WORK TO COMPLETE |
The response should be the records below, repeated exactly, with each picture left out.

[Stored data]
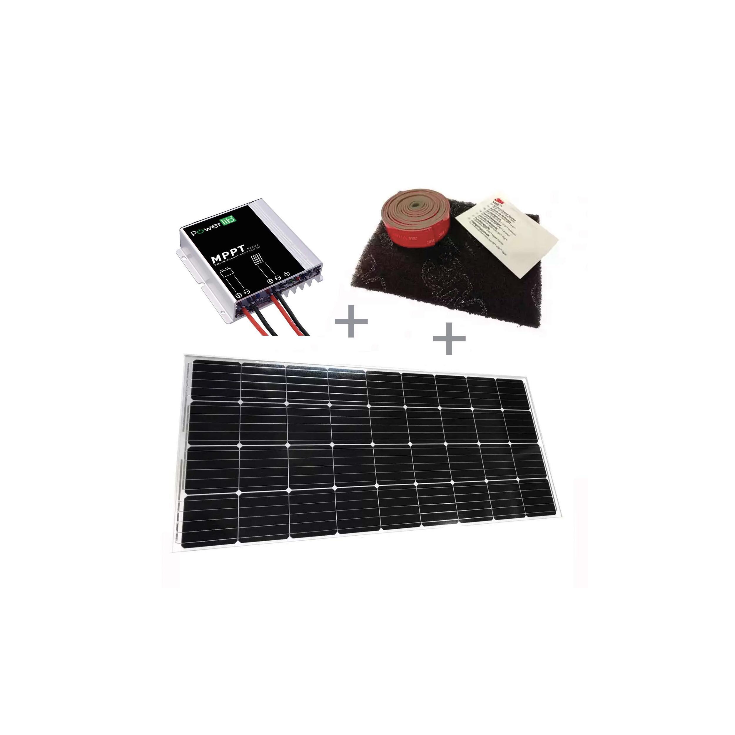 Composition du Pack Panneau solaire E-ssential Flat 200W + Régulateur solaire MPPT 10A + Kit adhésif
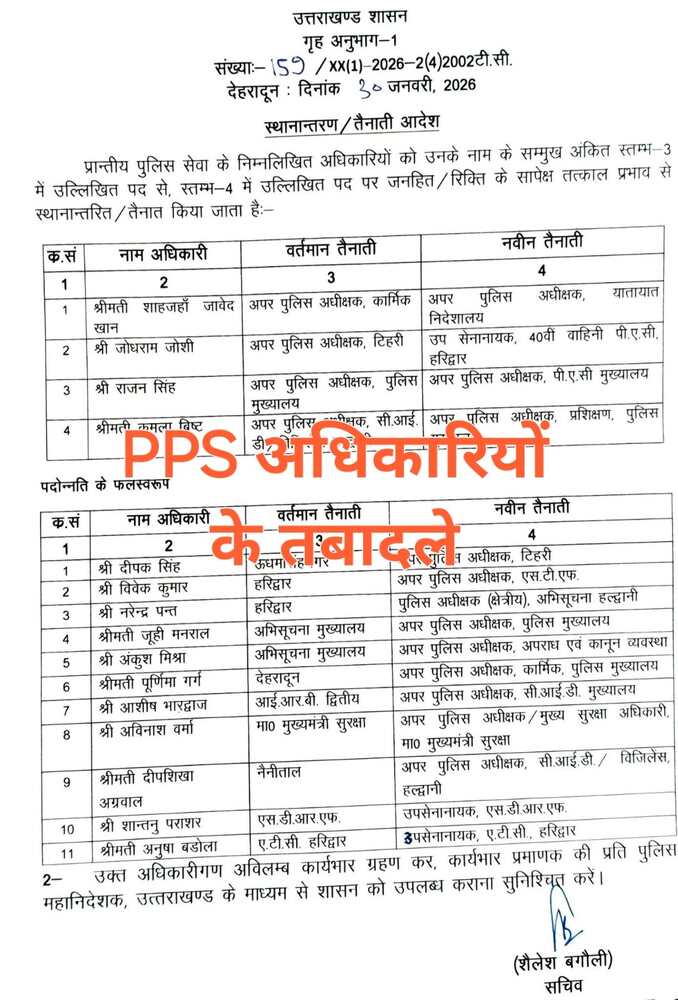 Home/उत्तराखंड/उत्तराखंड में पुलिस अधिकारियों के तबादले, देखें आदेश उत्तराखंड उत्तराखंड में पुलिस अधिकारियों के तबादले, देखें आदेश Web Editor Send an email 1 week agoLast Updated: January 30, 20260 Less than a minute Facebook X LinkedIn Tumblr Pinterest Reddit VKontakte Odnoklassniki Pocket Tagspolice officers see order transferred Uttarakhand Web Editor Send an email 1 week agoLast Updated: January 30, 20260 Less than a minute Facebook X LinkedIn Tumblr Pinterest Reddit VKontakte Odnoklassniki Pocket Share Facebook X LinkedIn Tumblr Pinterest Reddit VKontakte Odnoklassniki Pocket Share via Email Print
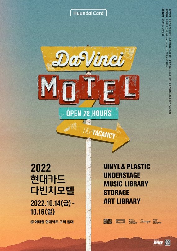 매년 대규모 콘서트를 한다는 것은 알고 있었지만, 그 외에도 문화 행사를 다양하게 하고 있습니다.이번에는 가을을 맞아 용산구 현대카드구역 일대 아트라이브러리, 뮤직라이브러리, 비닐&플라스틱, 언더스테이지에서 2022 현대카드 다빈치모텔 행사를 진행합니다.
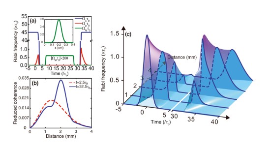 图2有微波场输入情况下表面极化激元的存储与读取。(a) 在位置处,表面极化激元脉冲,控制光场和微波场的时序包络。插图为微波场关于位置的空间分布函数;(b) 量子发射体的相干性关于位置的函数关系;(c) 在存储与读取期间,介质中表面极化激元包络随距离和时间的演化过程。
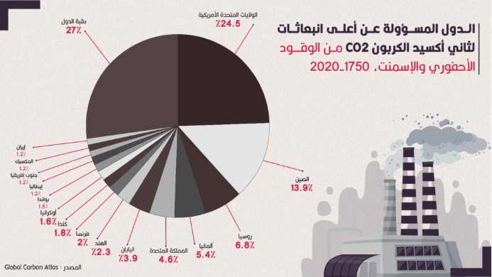 لمعرفة الدول التي ساهمت بالحصّة الأكبر في التأثيرات المناخية، يمكن العودة لمشروع أطلس الكربون العالمي (Global Carbon Atlas) الذي يغطّي مستويات انبعاثات ثاني أكسيد الكربون الناتجة على صعيدٍ سنويّ وتراكميّ، لا سيما أنه المحرّك الرئيسي لما نشهده من التغير المناخي.
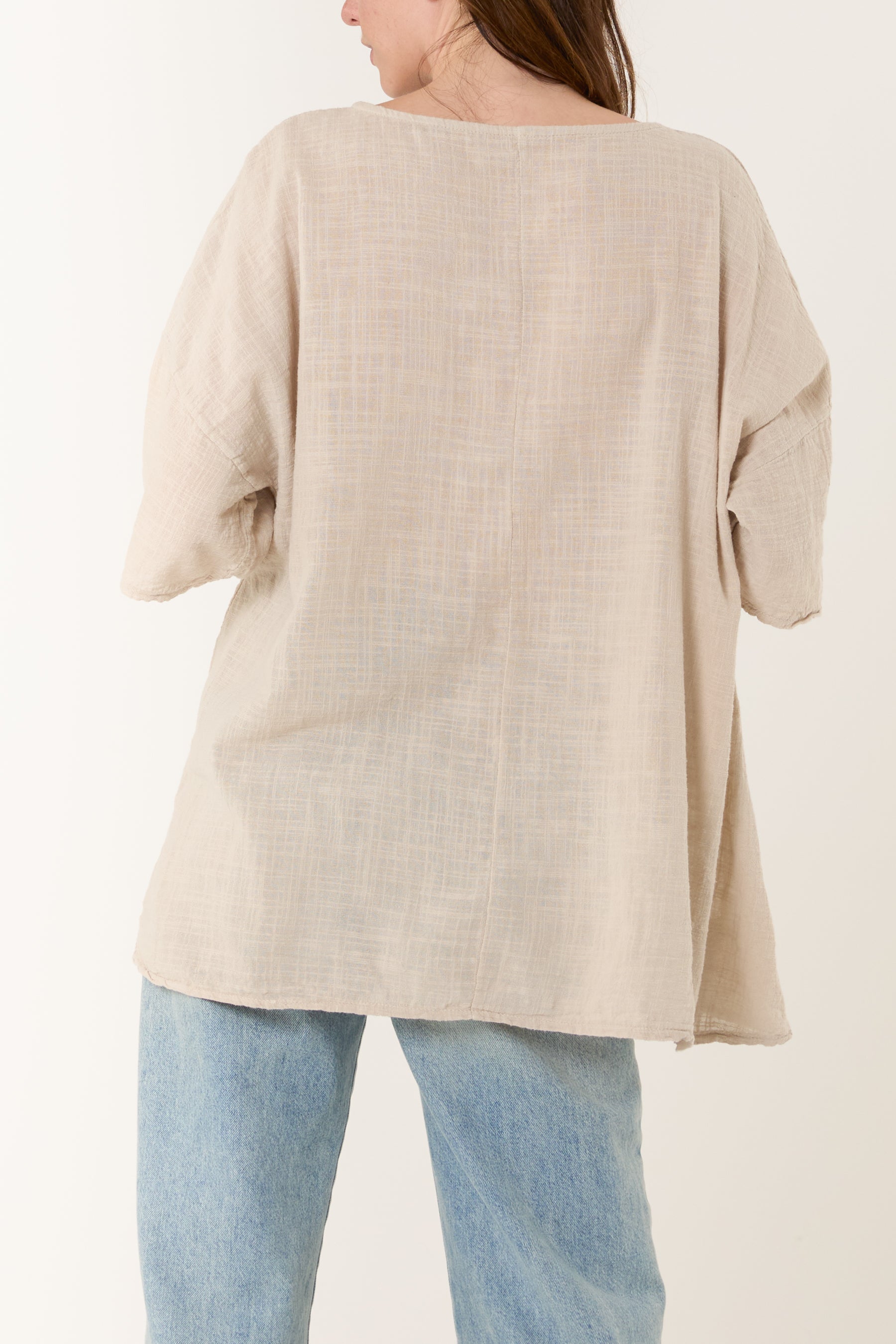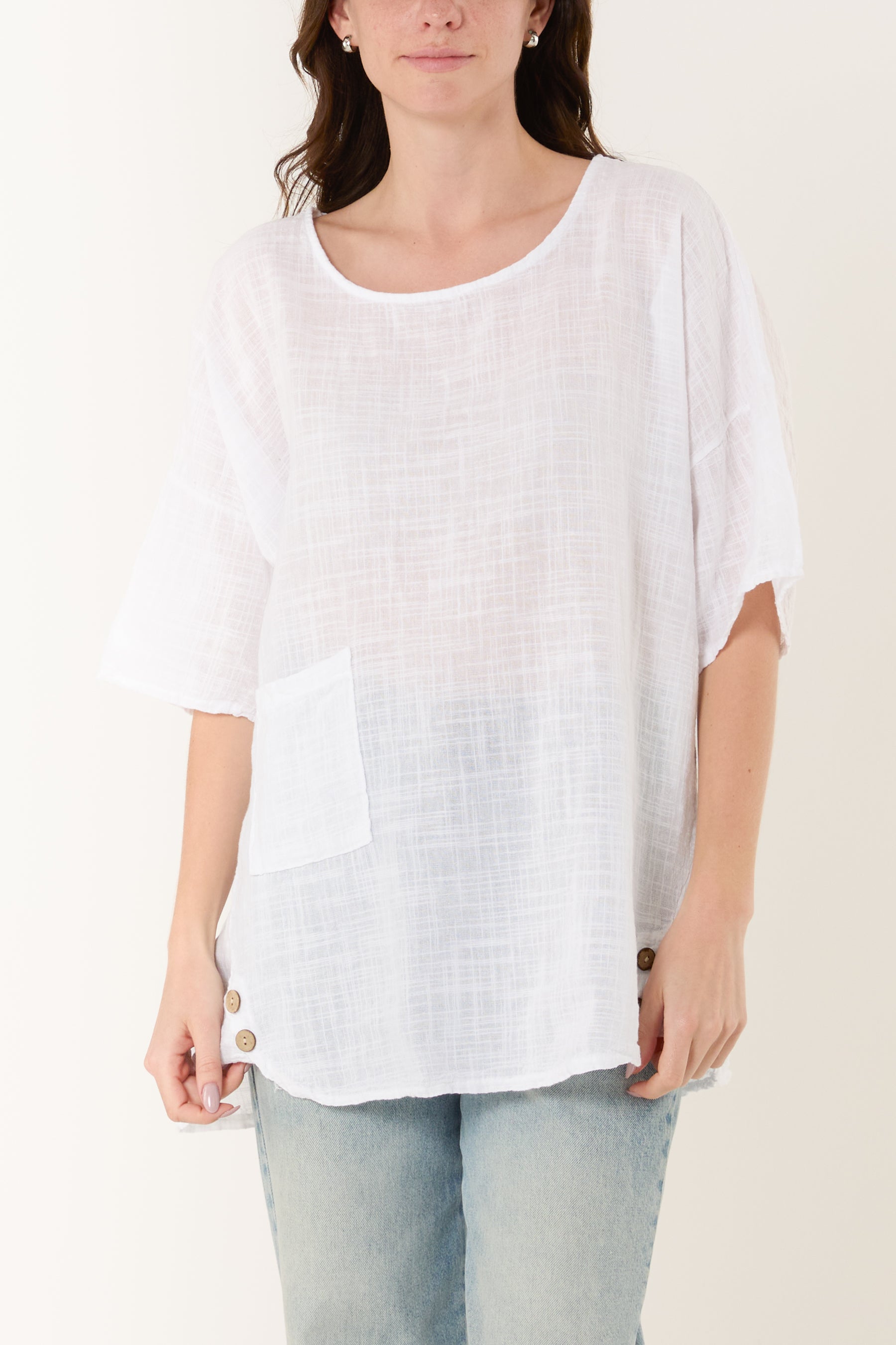 Round Neck Button Detail Cotton Top

RESPONSE |
 Composition du Pack Panneau solaire E-ssential Flat 200W + Régulateur solaire MPPT 10A + Kit adhésif
 Home/उत्तराखंड/उत्तराखंड में पुलिस अधिकारियों के तबादले, देखें आदेश उत्तराखंड उत्तराखंड में पुलिस अधिकारियों के तबादले, देखें आदेश Web Editor Send an email 1 week agoLast Updated: January 30, 20260 Less than a minute Facebook X LinkedIn Tumblr Pinterest Reddit VKontakte Odnoklassniki Pocket Tagspolice officers see order transferred Uttarakhand Web Editor Send an email 1 week agoLast Updated: January 30, 20260 Less than a minute Facebook X LinkedIn Tumblr Pinterest Reddit VKontakte Odnoklassniki Pocket Share Facebook X LinkedIn Tumblr Pinterest Reddit VKontakte Odnoklassniki Pocket Share via Email Print
 매년 대규모 콘서트를 한다는 것은 알고 있었지만, 그 외에도 문화 행사를 다양하게 하고 있습니다.이번에는 가을을 맞아 용산구 현대카드구역 일대 아트라이브러리, 뮤직라이브러리, 비닐&플라스틱, 언더스테이지에서 2022 현대카드 다빈치모텔 행사를 진행합니다.
 图2有微波场输入情况下表面极化激元的存储与读取。(a) 在位置处,表面极化激元脉冲,控制光场和微波场的时序包络。插图为微波场关于位置的空间分布函数;(b) 量子发射体的相干性关于位置的函数关系;(c) 在存储与读取期间,介质中表面极化激元包络随距离和时间的演化过程。
 لمعرفة الدول التي ساهمت بالحصّة الأكبر في التأثيرات المناخية، يمكن العودة لمشروع أطلس الكربون العالمي (Global Carbon Atlas) الذي يغطّي مستويات انبعاثات ثاني أكسيد الكربون الناتجة على صعيدٍ سنويّ وتراكميّ، لا سيما أنه المحرّك الرئيسي لما نشهده من التغير المناخي.
 Round Neck Button Detail Cotton Top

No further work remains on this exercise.